So, every Java text book talks about how flexible Java is since it can load classes at run time. Just cobble together a string and give it to Class.forName()
, and
I'm pretty sure plugin loading in Java relies much on that.
The application checks for named functions and executes them
Eclipse actually uses that for plugins
The key idea is to execute code that wasn't planned at developpement time.
The ClassLoader is also used for non-class resources. Configuration files come to mind. Since there is a well-defined search order, it is easy to drop-in your own "log4j.xml" or "hibernate.properties", and the application will find and use it.
i think JUnit may also used a lot of reflection features to make the test framework generic.
"PLUGIN" and that is the big word.
Basically, you can load a class that you do not know when or does not exist when you write and compile your program.
For example, if you want a program to do spell check, you can write an interface SpellChecker
then load a class from a configuration file that implement the SpellChecker
interface. After that, you can write any SpellChecker and set in the configuration file the actual file name. This way, your program does not need to know what class will do the spell checking.

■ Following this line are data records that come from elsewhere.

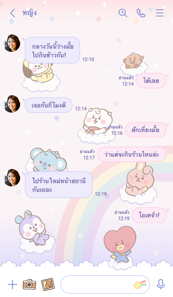 BT21 BABY ฝันหวานถึงภาพอนาคตสีรุ้งสดใส♪ สีพาสเทลไล่เฉดสวย อ่านแชทง่ายสบายตา (จะมีการอัพเดตธีมเป็นระยะจนถึง 180 วันหลังสิ้นสุดการจำหน่าย)
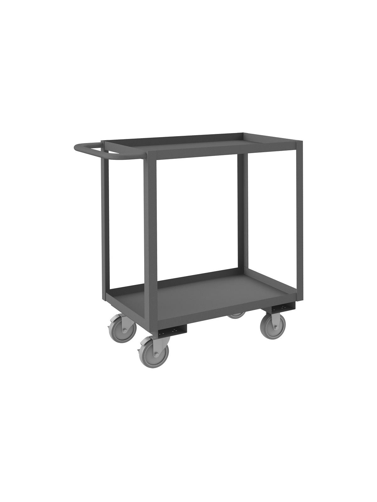 Shelf carts are constructed with 1-1/2" x 1/8" angle iron uprights for added strength. Heavy duty 14 gauge steel shelves. Sturdy tubular push handle. Perfect for transporting heavier parts or stock items. Shelf Stock Carts are available in 1,200 lbs. or 3,000 lbs. capacities. FOB Shipping Point.
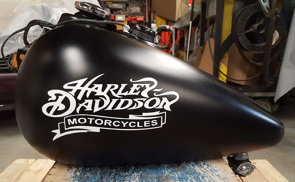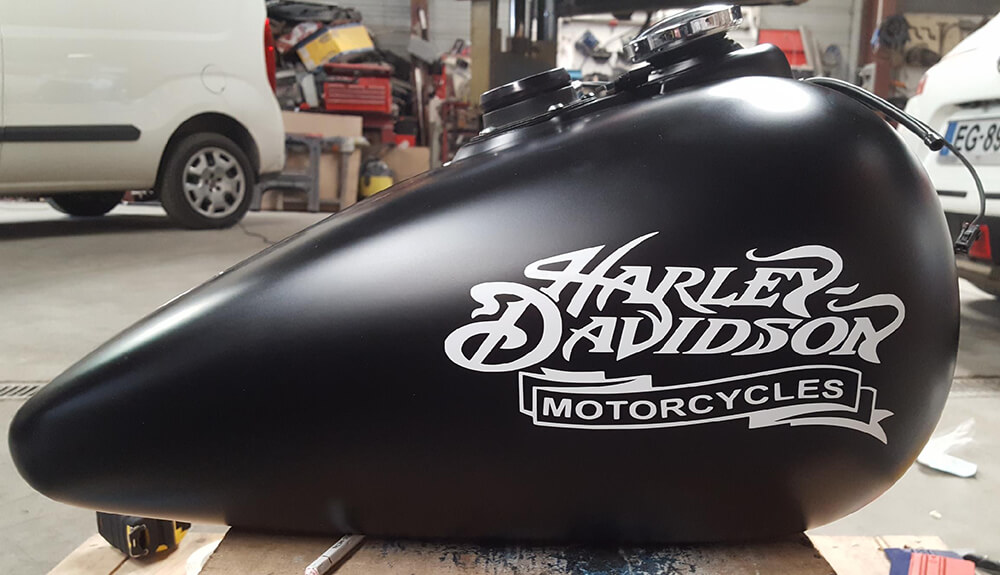 Personnalisation d’un réservoir de moto en décor adhésif teinté masse pour un particulier. Décor réalisé par nos soins.

DB driver, Eclipse's plugin, Script language, Cryptography methods are all done this way as the original writer does not know (and in some case, has no idea) what class will actually be used.
Hope this helps.
The JDBC API is an excellent example for this. This way you can configure the JDBC driver externally in for example a properties file:
driver = com.dbvendor.jdbc.Driver url = jdbc:dbvendor://localhost/dbname username = stackoverflow password = youneverguess
..which you can use as:
Properties properties = new Properties();
properties.load(Thread.currentThread().getResourceAsStream("jdbc.properties"));
String driver = properties.getProperty("driver");
String url = properties.getProperty("url");
String username = properties.getProperty("username");
String password = properties.getProperty("password");
Class.forName(driver);
Connection connection = DriverManager.getConnection(url, username, password);
Every JDBC driver implementation basically registers itself in the DriverManager
inside a static
initializer block. It's namely the one which get executed during Class#forName()
.
package com.dbvendor.jdbc;
public class Driver implements java.sql.Driver {
static {
java.sql.DriverManager.registerDriver(new Driver());
}
private Driver() {
// ...
}
public boolean acceptsURL(String url) {
return url.startsWith("jdbc:dbvendor");
}
}
Since the DriverManager
roughly look like this (it actually uses the old fashioned Vector
)
private static final Set<Driver> drivers = new HashSet<Driver>();
public static void registerDriver(Driver driver) {
drivers.add(driver);
}
public static Connection getConnection(String url, String username, String password) throws SQLException {
for (Driver driver : drivers) {
if (driver.acceptsURL(url)) {
return driver.connect(url, username, password);
}
}
throw new SQLException("No suitable driver");
}
...you can get a connection from it without the need to instantiate the driver itself!
This way the JDBC code is highly portable. You can change the DB or distribute the code among users with different DB's without the need to change/hack/rebuild the code itself.
It's not only JDBC which uses this approach, also other API's such as Servlet API, ORM's like Hibernate/JPA, dependency injection frameworks, etcetera uses reflection to load the classes based on externally configureable propertiesfiles, XML config files and/or annotations. It all just makes the code much more portable and pluggable.
You can use the Class::forName method if the class is in the class path. However if you need to give a path along with the class name i.e c:\document\xyz.class you will have to use the URLClassLoader class.